Литфонд долго не переводил Светлову денег. Заждавшись, после многих напоминаний из Ялты он послал директору такую телеграмму: «Вашу мать беспокоит отсутствие денег».

* * *

На писательском собрании прорабатывали пьесу, перед этим обруганную в одной центральной газете. Доклад делал критик, известный своим разгромным стилем. Светлов печально заметил:

— Вы знаете, кого напоминает мне наш докладчик? Это тот сосед, которого зовут, когда надо зарезать курицу.

* * *

Об одном поэте Светлов сказал:

— Он как кружка пива — прежде чем выпить, надо сдуть пену.

* * *

По поводу своей сутулости Светлов часто шутил:

— Что такое знак вопроса? Это состарившийся восклицательный.

* * *

На светловском юбилее было оглашено письмо отсутствовавшего по причине болезни Вениамина Каверина, в котором он писал: «Я завидую не только таланту Светлова, но и его удивительной скромности. Он, как никто, умеет довольствоваться необходимым».

— Мне не надо ничего необходимого, — возразил Светлов, — но я не могу без лишнего.

* * *

Светлов стойко и мужественно умел переносить невзгоды и почти никогда не жаловался. Он всегда отшучивался и говорил:

— Счастье поэта должно быть всеобщим, а несчастье — обязательно конспиративным.

* * *

О двух маститых литературоведах Светлов как-то сказал в кругу писателей:

— Когда я их читаю, никак не могу понять, стоит ли мне читать книги. Все равно что по котлете представить, как выглядела живая корова, из которой эта котлета сделана.

* * *

Прогуливаясь по морскому пляжу и обозревая распростертые на песке фигуры загорающих, Светлов сказал:

— Тела давно минувших дней…

* * *

В 1956 году Светлова вызвали в МГБ в связи с посмертным пересмотром дела одного из поэтов. Следователь спросил:

— Знали ли вы этого поэта? Что вы можете о нем сказать?

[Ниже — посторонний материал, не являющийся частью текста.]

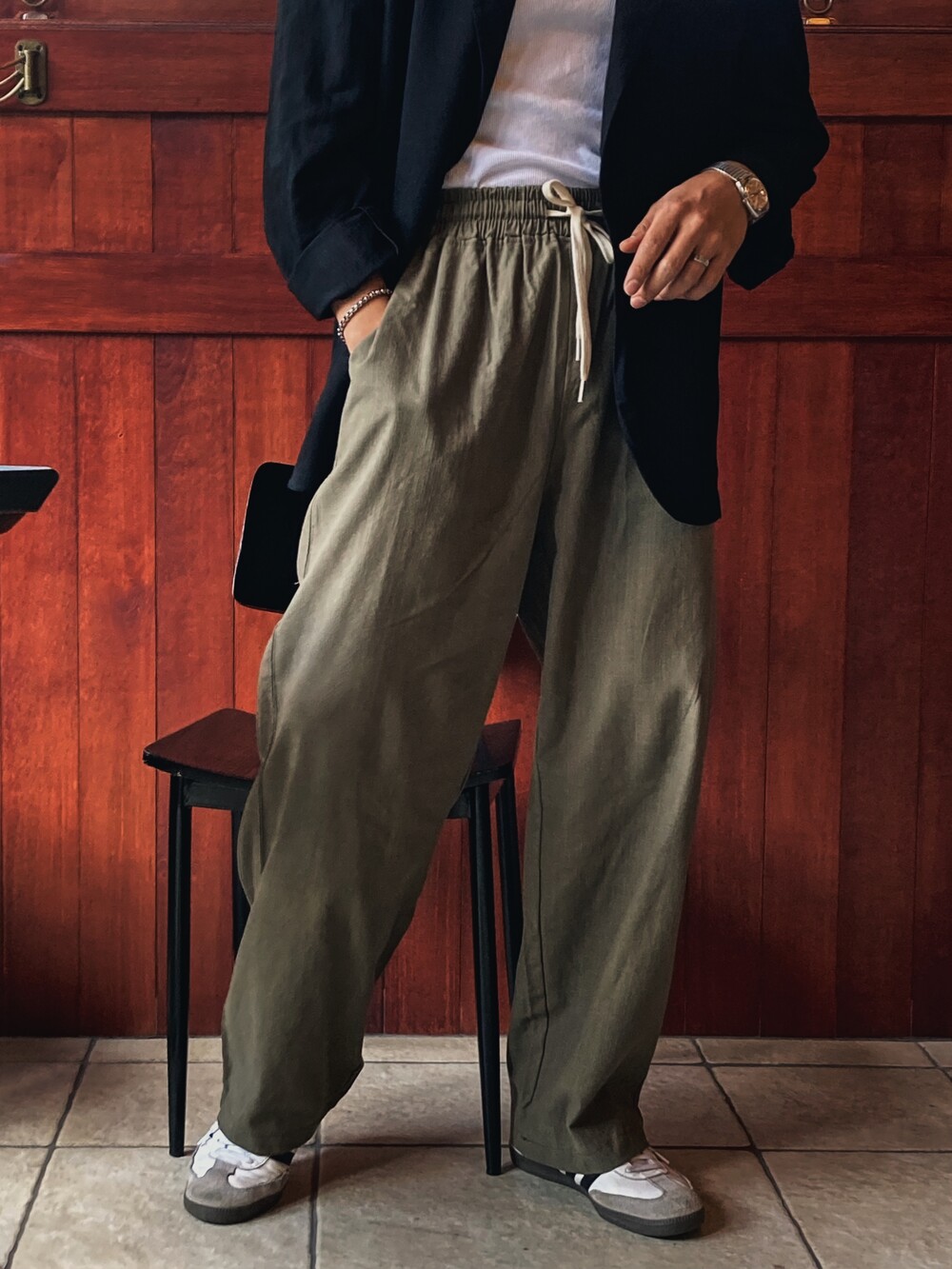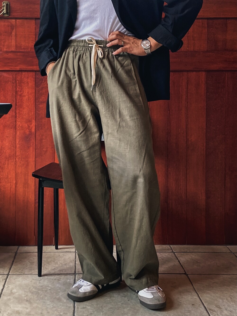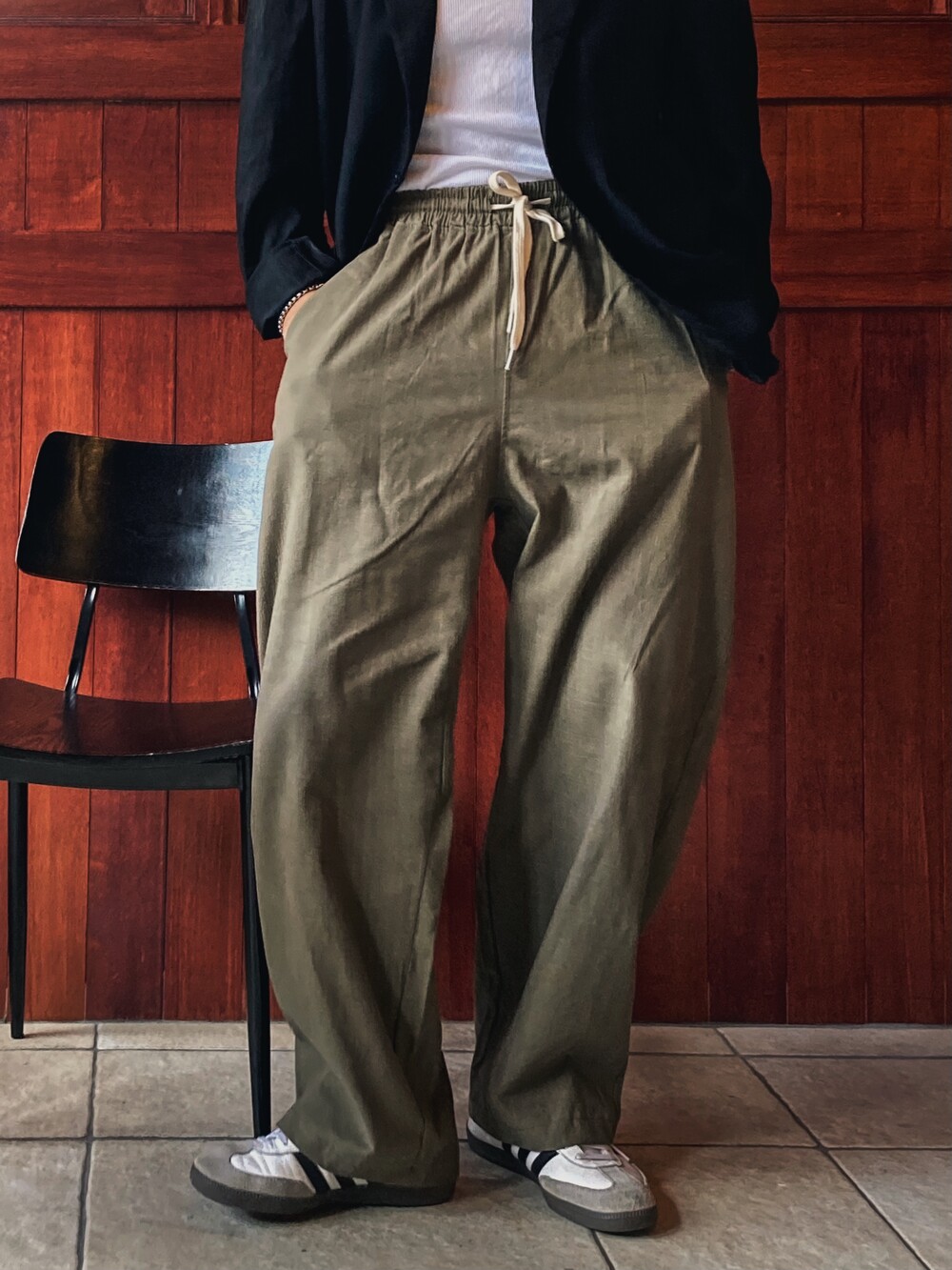 - 허리 전체 밴딩 와이드 핏 프리사이즈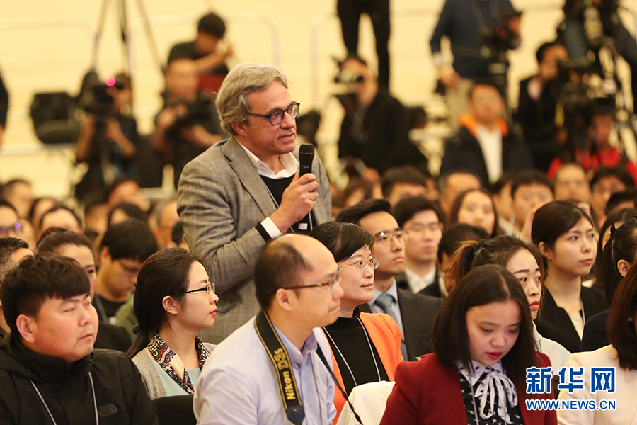 3月15日上午十三屆全國人大二次會議閉幕后,國務院總理李克強在人民大會堂三樓金色大廳會見采訪十三屆全國人大二次會議的中外記者并回答記者提出的問題。圖為西班牙記者提問。新華網/中國政府網?陳杰 攝

— Знал. Он был хорошим поэтом и настоящим коммунистом.

— Как? Ведь он был троцкистом и за это посажен.

— Нет, это я был троцкистом, — сказал Светлов. — А он был настоящим коммунистом.

Следователь растерялся, попросил у Светлова пропуск, подписал его и сказал:

— Идите, идите…

* * *

На литературном вечере после чтения стихов Светлов отвечал на многие записки. Несколько записок он оставил без ответа.

— Почему вы отвечаете не на все записки? — раздался голос из зала.

— Если бы я мог ответить на все вопросы, — сказал Светлов, — мне бы стало неинтересно жить.

* * *

Светлов, написав стихи, тут же читал их кому-нибудь. Если поблизости никого не было, звонил по телефону. Звонил иногда среди ночи.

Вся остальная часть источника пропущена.